New rules that encourage people to abandon community-rated coverage and buy the so-called short-term coverages that can last for three years are also potentially disruptive, Pauly noted. Now, the insurance industry might have to pivot again. “Just as everybody was breathing a sigh of relief, you get this judge and this decision, and now we’re all breathing heavily again.”

It will be interesting to see how the health insurance market reacts in 2019, the first year without the individual mandate penalty, said Field. The experience of the past year has belied fears that insurers would be hurt if people with low health risks do not buy health insurance. “There was a fear [insurers] would get spooked and say, ‘The low-risks don’t have to buy in. We can’t spread the risks, and this is going to be a disaster,’” he said.

However, those fears have not played out. Insurers are “not only still in the market, but new insurers are entering. In fact, prices have stabilized and even gone down in many markets,” Field said. “If it continues to work out, then it may be that we don’t need the mandate – the most unpopular part” of the ACA.

With the individual mandate essentially neutralized, “the pressure points for building public opposition are dissipating. It is possible that the vehemence of the opposition will begin to fade and then maybe we can get to the job of just making it work,” Field said.

ACA’s Scorecard

Field noted that the ACA in its breadth has brought many gains: provisions for generic versions of biotechnology drugs; “accountable care organizations” that encourage hospitals and doctors to band together to form networks and make care more efficient; no-cost preventive treatments; breast-feeding stations at work; calorie counts on restaurant menus; allowing young people to stay on their parents policies until age 26; and closing the Medicare ‘doughnut hole,’ or the gap in prescription drug coverage. About 10 million to 15 million Americans have benefited from these provisions by buying insurance in the exchange marketplace, and the ACA buffeted another 15 million to 20 million people on Medicaid, he added.

“What many of them may not realize is that if the ACA went away, that individual coverage might not be any cheaper.” –Robert Field

Pauly agreed with Field that the ACA provisions brought relief to vulnerable Americans, even as he pointed out troublesome aspects such as caps on Medicare payments. He noted that the 10 million to 15 million people Field referred to make up only about 3% of the total U.S. population, and suggested another approach. “That is quite trivial relative to the total size of the population. Why don’t we just pay for them? What’s the big deal? It’s a rounding error in the estimates of total national health expenditures.”

Next Course of Action

A challenge to the latest ruling will head to the U.S. Court of Appeals for the Fifth Circuit, which covers Texas. Field sees two possible scenarios. “On the one hand, it’s a conservative court, so they might tend to support the ruling. On the other hand, the ruling is so convoluted and so extensive – well beyond where it had to go – that there’s a good chance they would strike it down or at least limit it.”

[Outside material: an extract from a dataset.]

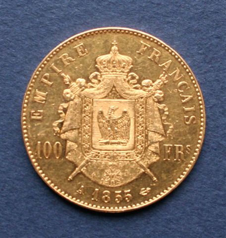 100 francs or, 1855, Paris, tête nue.

Field predicted that if the Texas ruling is struck down and the ACA stays in place, the Republican attorneys-general will appeal, and “in all likelihood the Supreme Court won’t take the case.” But if it is upheld in whole or in part, then the Democratic attorneys-general will appeal “and the Supreme Court will have another show on its hands.”

In Field’s estimation, “there’s better than a 50% chance that [Chief] Justice Roberts will be back in his corner trying to figure out what to do” about the Texas ruling. Added Pauly: “No good deed goes unpunished, even for a Supreme Court justice.”